Women, as health workers, are also in a special situation concerning work overload as most of the time they are taking care not only of their full-time jobs, but also of a large share of housework. Often nurses and hospital helpers are found in precarious forms of employment.
Most women have few choices as to where they can work. They end up doing work that can be heavy, dirty, monotonous, low paid and which involves long hours of work with no access to health services. This is particularly the case of those working in the informal sector where women represent a great proportion.(5) Women are caught in a vicious circle whereby the majority lack opportunities for education or have few qualifications, especially those from the lower economic levels.
Women workers' health and human variability
Working conditions and the working environment are sources of health hazards for both men and women. In general terms there is no great difference between men's and women's biological response to physical, biological or chemical hazards. The average strength of men is not so different from that of women, some women can be even stronger than men.(6)
Gender-based criteria for the division of work are supported by traditional cultural assumptions. The approach to women's health is based on a biomedical model(7) and conventional postulates on health and human capabilities. Consequently, very little attention has been paid to the social or environmental aspects of women's ill health.
Health hazards of women workers have been traditionally under-estimated because occupational safety and health standards and exposure limits to hazardous substances are based on male populations and laboratory tests.(8)
When sex differences have been explored, the focus has been on the physical differences between the male and female reproductive systems, or on assumed differences between men's and women's psychology. Only in the last 15 years gender-oriented research on health aspects has been developed demonstrating that differences among working populations are mainly based on individual human variability rather than on biological differences between sexes.(9)
The differential response of women to health hazards is essentially due to the various work-related risks that women face according to the specific type of work they do and on the multiple roles they have in society.

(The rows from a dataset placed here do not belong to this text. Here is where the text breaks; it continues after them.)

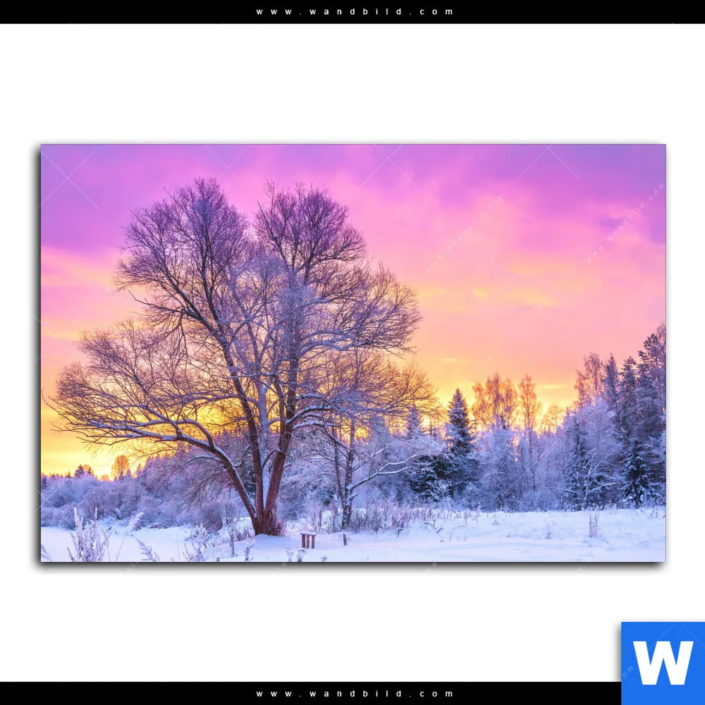 Landschaften, Winter, Wald - Bäume Aluminiumbild mit metallischem Effekt inkl. vormontiertem Rückrahmen
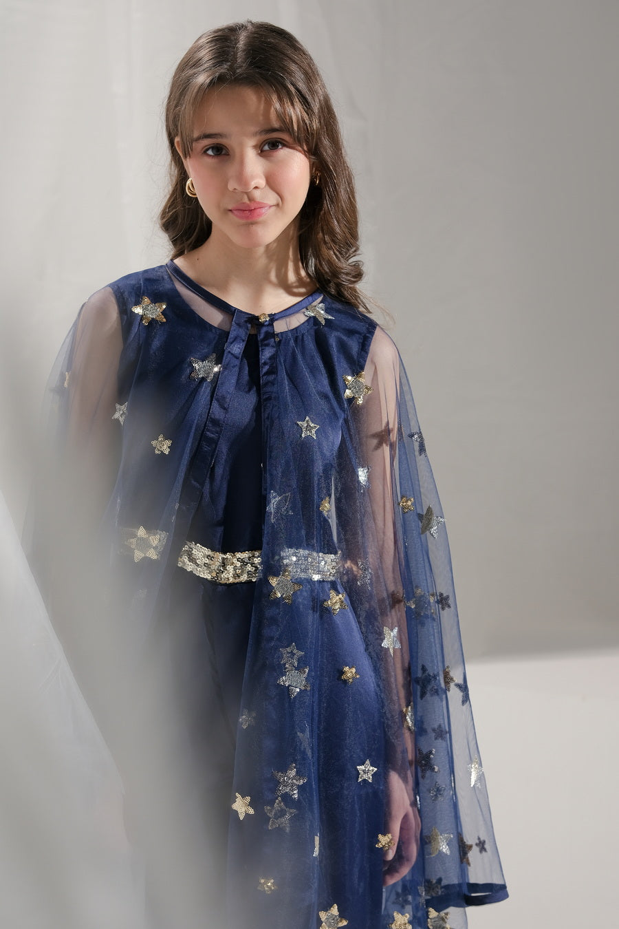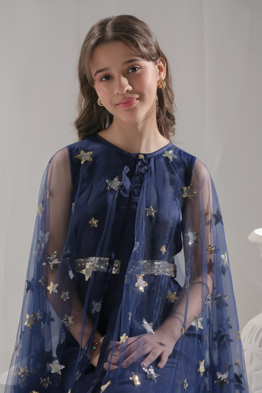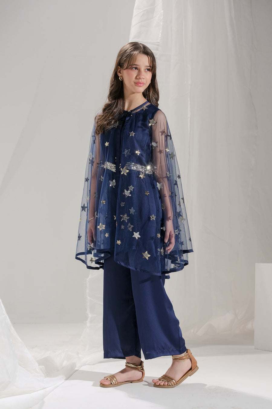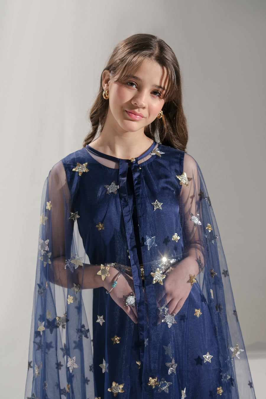 Drape your little star in elegance with the Sitara outfit, a perfect blend of grace and charm. This enchanting ensemble features a flowy navy blue silhouette adorned with delicate golden and silver star embellishments, creating a celestial look that shines with every movement. The sheer overlay adds a touch of ethereal beauty, while the comfortable satin trousers ensure ease of wear for any occasion. Whether it?s a festive gathering or a special evening event, Sitara is designed to make your little one sparkle like the star she is.
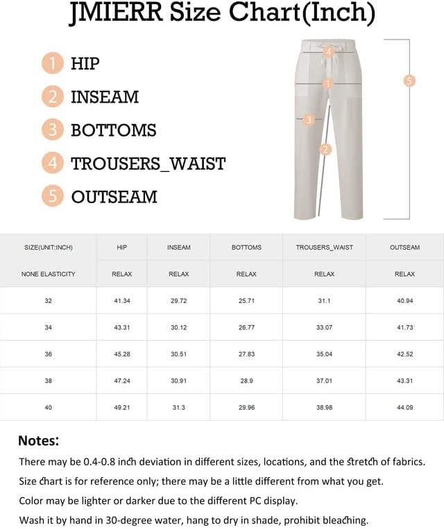 JMIERR Men’s Clothing offers high-quality and sustainable clothing for men. The brand covers a wide range of categories including flannel clothes, pants, hoodies & sweatshirts, fall winter jackets, and knit sweaters. JMIERR is known for its accurate sizing and provides a detailed size chart for customers to find their perfect fit. The brand is modern and innovative, offering stylish and sporty clothing for the contemporary man. The package dimensions of the product are 10.39 x 4.25 x 2.28 inches and it weighs 3.53 ounces. The item model number is JMDM771127-18-42 and it is available for purchase since May 10, 2023. The ASIN is B0C4TS84NQ. The pants are made of 55% cotton and 45% linen, which makes them lightweight, breathable, and comfortable. They have an elastic waist with a drawstring and belt loops for adjustability. The trousers have a straight leg design with pockets on the back and sides. They are perfect for casual and leisure wear, suitable for activities like yoga, vacation, beach, hiking, and golf. The package includes 1 pair of men’s casual pants and customers are advised to refer to the JMIERR size chart before ordering.
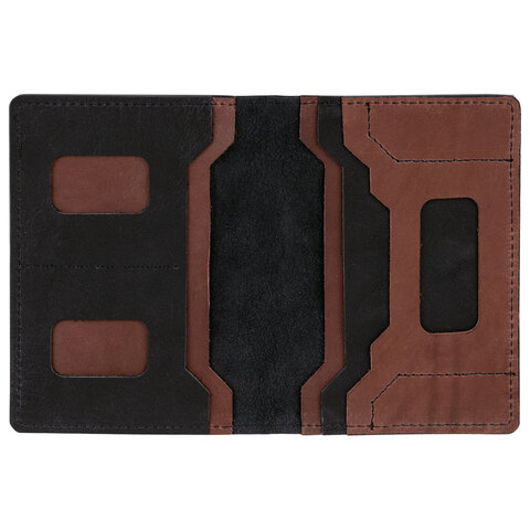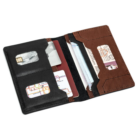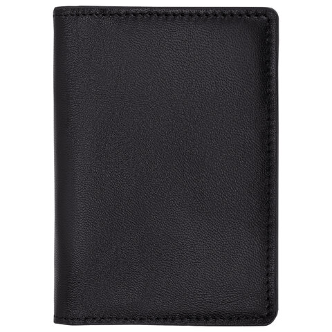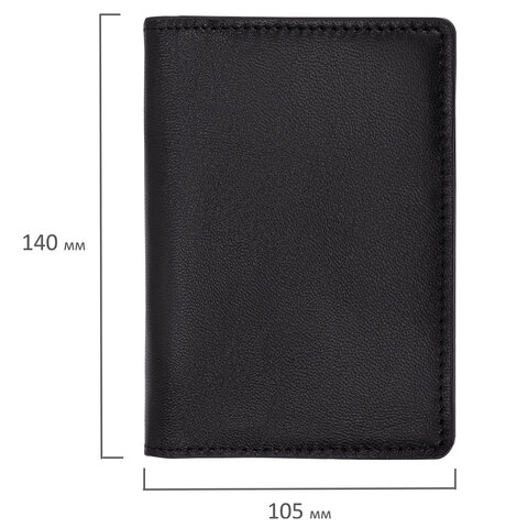 Обложка для паспорта и документов 7 в 1 натуральная кожа, без тиснения, черная, BRAUBERG, 238196
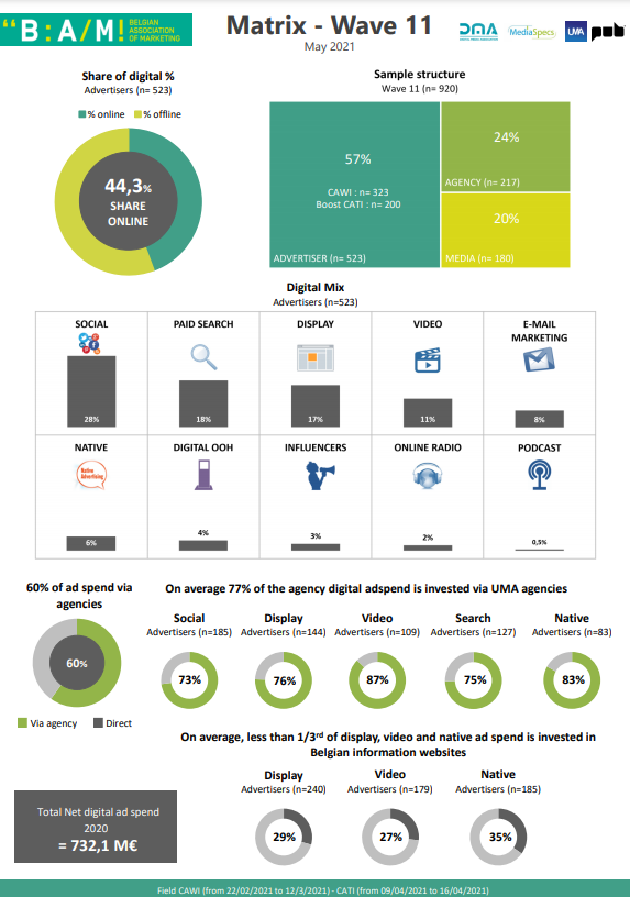 L’étude Matrix est menée par la Belgian Association of Marketing (BAM), la Digital Media Association (DMA), UMA, PUB et MediaSpecs. Elle est depuis longtemps la référence en matière d’investissements en ligne dans notre pays. Cette année, elle a interrogé un nombre record de 920 répondants. Parmi ceux-ci, plus de 500 étaient des annonceurs.
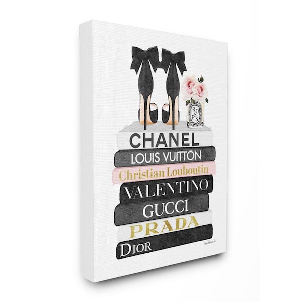 "Fashion Designer Flower Shoes Bookstack Pink Black Watercolor " by Amanda Greenwood Canvas Wall Art 16 in. x 20 in.
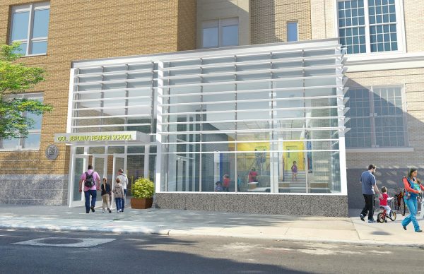 The addition will be adjacent to the existing four-story, L-shaped school building that was constructed in 1931, which sits on a 2.1-acre site. The two buildings will be connected on all flour floors through expansion joints.
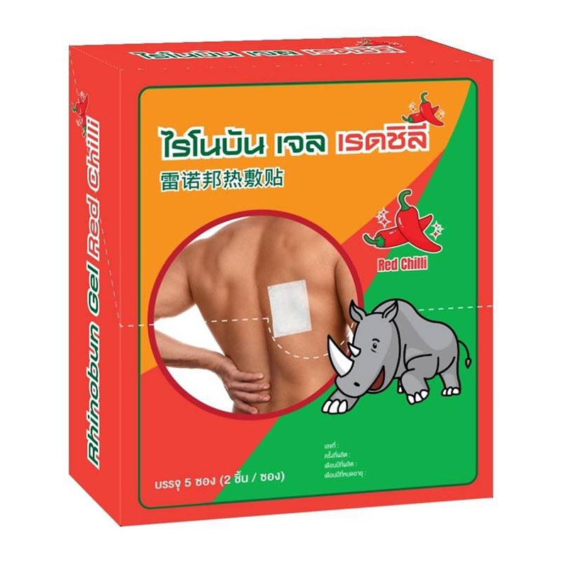 - ชื่อสินค้า: ไรโนบัน เจลเรดชิลี่ 2 ชิ้น/ซอง 5 ซอง - แบรนด์: ไรโนบัน - ปริมาณบรรจุ: 1 หน่วย
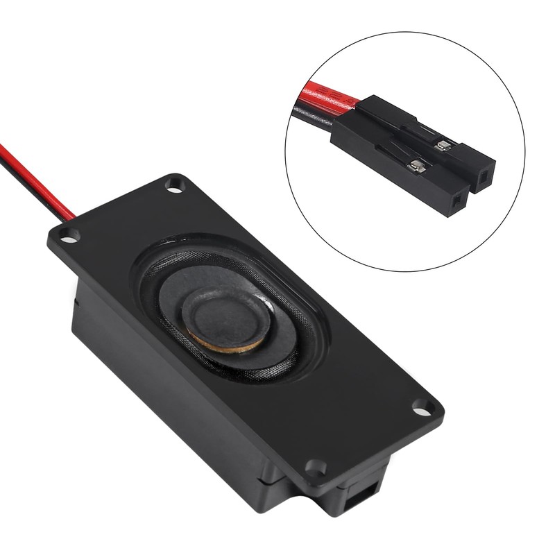• Full-Range Cavity Mini speaker: 8 ohm 3 watt; Connector: Separating 2.54mm Dupont interface, can choose 3.3V or 5V; Full frequency cavity. Size: 70 mm*31 mm*16 mm / 3.1 inch *1.2 inch*0.63 inch (L* W * T),cable length 40cm (15.75 inches)
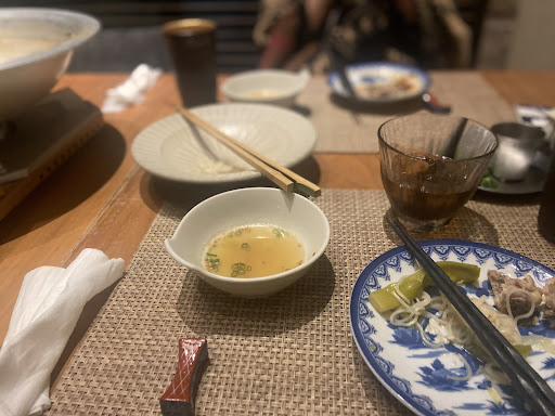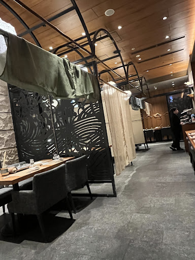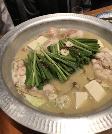 As a guest in the hotel, I was looking for dinner, traveling alone, and this was a great choice. It has a long counter along with lots of larger tables designed for privacy for the guests, with drapes of softly colored cloth separating them from one another and from the counter area. My seat faced a chef who was cooking a variety of things while I was there, and it was nice to be able to ask him questions. I ordered the motsu-ni, which is a hot pot made with innards. I asked what kind of innards, and the chef said that meat was from the heart area. Along with the meat, the hot pot had green onions, gobo (burdock root), cabbage, garlic, and tofu. It cooked on a little stove they placed in front of me, in a miso broth. It was incredible. I have not had much motsu in my life, and it was creamy and had a depth of flavor and savoriness that I just cannot describe. I thought, “just kill me now,” it was so delicious. I definitely want to go there again, which I probably will do during this...
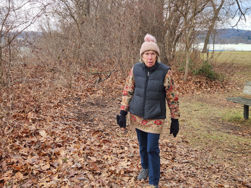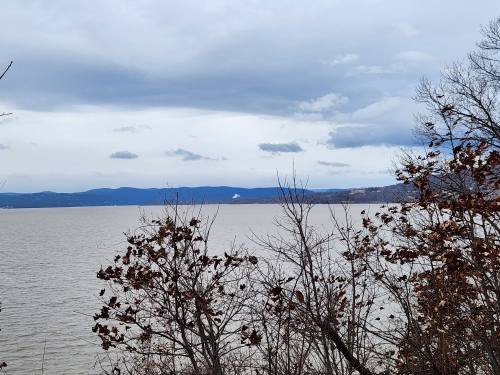 So this was a late morning roundabout, just over two mile walk. Brigid is looking to build back up to five miles. Croton people will recognize where we were. The first three pictures are all taken from the elevated area, west of where the model airplanes are flown. The first and third ones looking north up the Hudson. The elvevation is at least 90-100 feet above the river – the photos are a little deceptive.
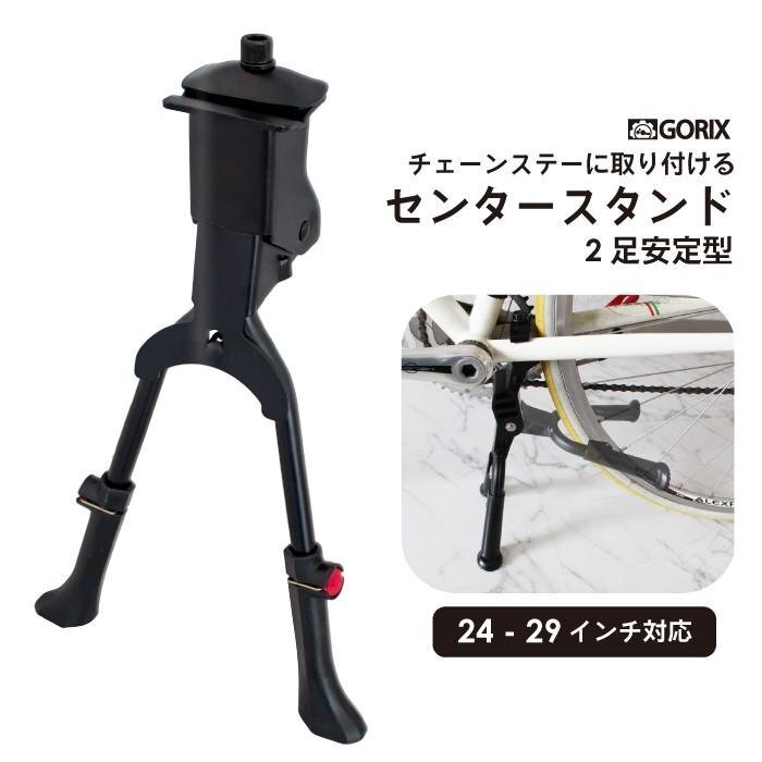 | 便利な自転車のキックスタンドのセンタータイプでチェーンステーに挟むだけで簡単に取り付けられます。 2足でバランスの取れた安定型のスタンドです。
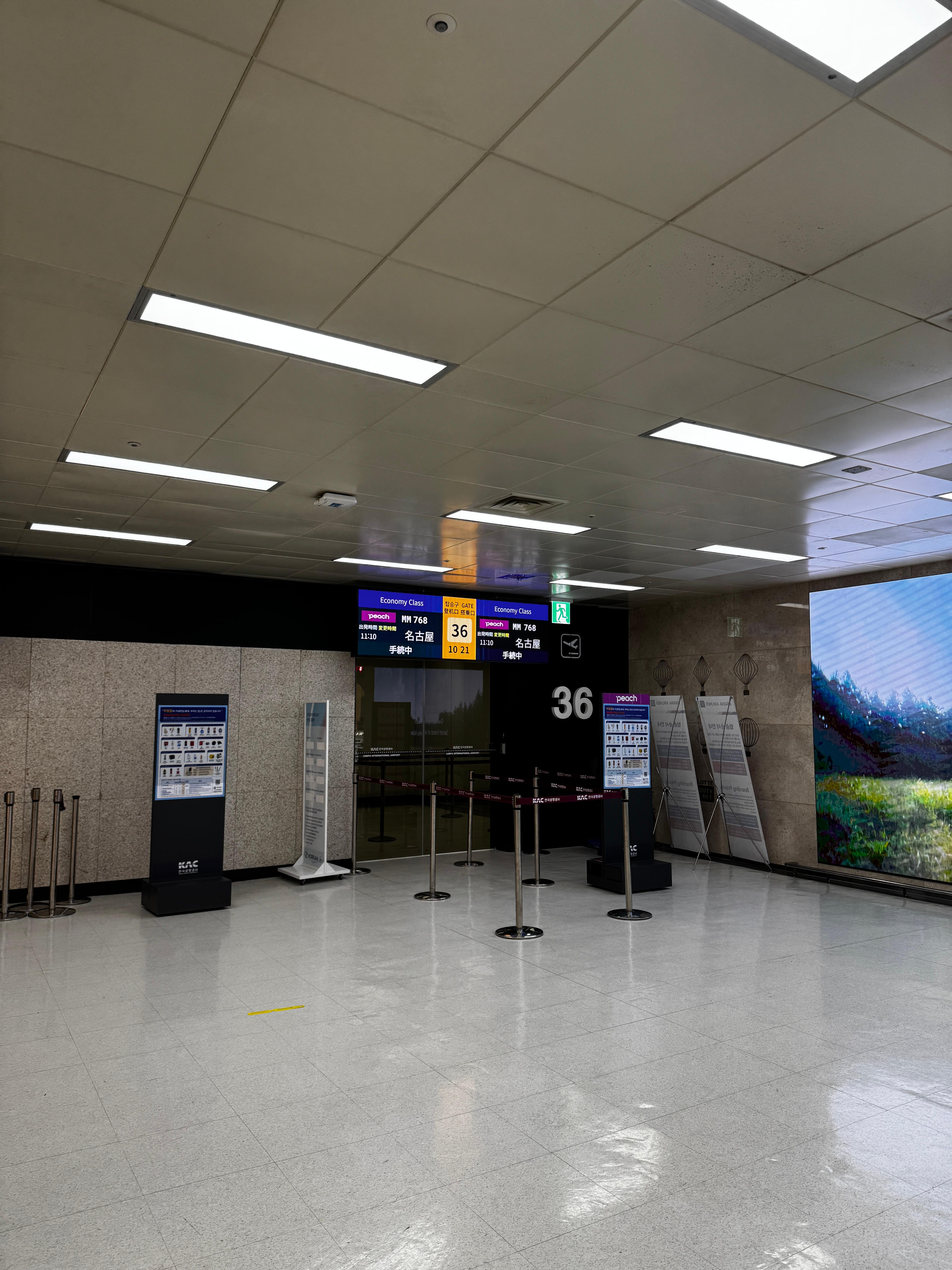 스카이허브 라운지 바로 옆, 출입국심사 게이트 통과하면 바로 있는 36번 게이트에서 탑승한다. 간사이행은 바로 옆인 37번게이트이다. 바로 옆에 보이는 전광판에도 그 내용을 보여주고 있다.
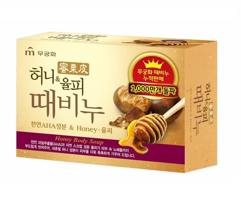 Mukunghwa Отшелушивающее и увлажняющее мыло для тела и лица с медом и скорлупой каштанов Honey Body Soap 100 г
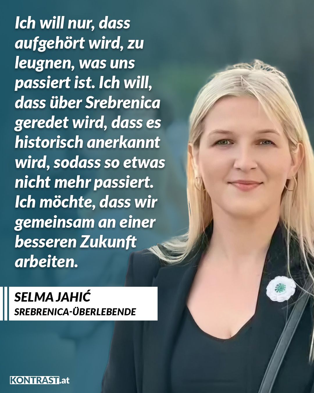 Im Jahr 2023 erklärte die UN-Vollversammlung den 11. Juli zum Internationalen Gedenktag für die Opfer von Srebrenica. Auch Österreich stimmte der Resolution zu. Selma Jahić überlebte als Kind den Völkermord in Srebrenica. Sie setzt sich dafür ein, dass nicht vergessen wird, was damals passierte und möchte gemeinsam eine bessere Zukunft gestalten. Zitat: Ich will nur, dass aufgehört wird, zu leugnen, was uns passiert ist. Ich will, dass über Srebrenica geredet wird, dass es historisch anerkannt wird, sodass so etwas nicht mehr passiert. Ich möchte, dass wir gemeinsam an einer besseren Zukunft arbeiten. Selma Jahic
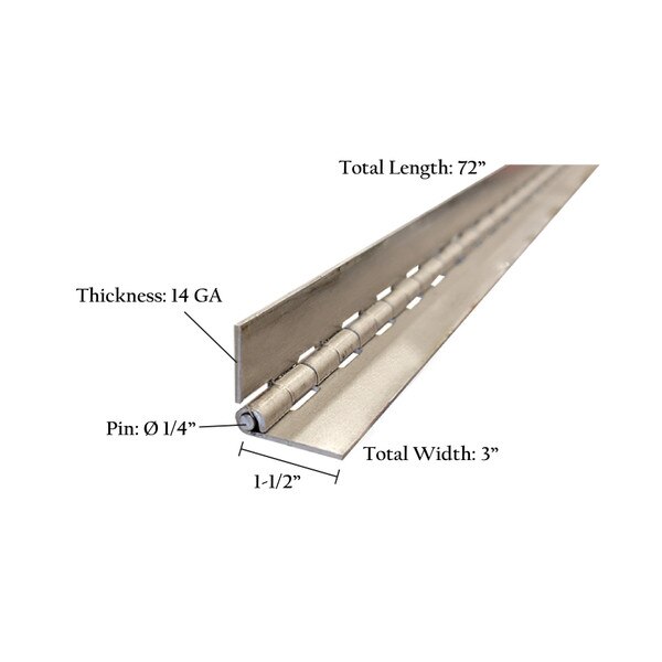 Piano Hinge Bare 3" x 72" x 1/4" Pin-14ga

Segregation by occupation leads to exposure to particular occupational health and safety hazards. The type of health risks women face are associated with their specific working conditions. Certain health disorders are related to occupations or industries which employ large numbers of women workers. For example, a high proportion of back injuries of women working in the health sector is related to the nature of the work and the concentration of women workers in nursing.
Due to the multiple roles they have in society, women workers have special needs concerning nutrition, lifestyle and reproductive health. Women have a dual reproductive and economic role as unpaid workers at home and in the fields, and as paid workers outside the household. A woman works an average of one to three hours per day longer than a man in the same society.(10)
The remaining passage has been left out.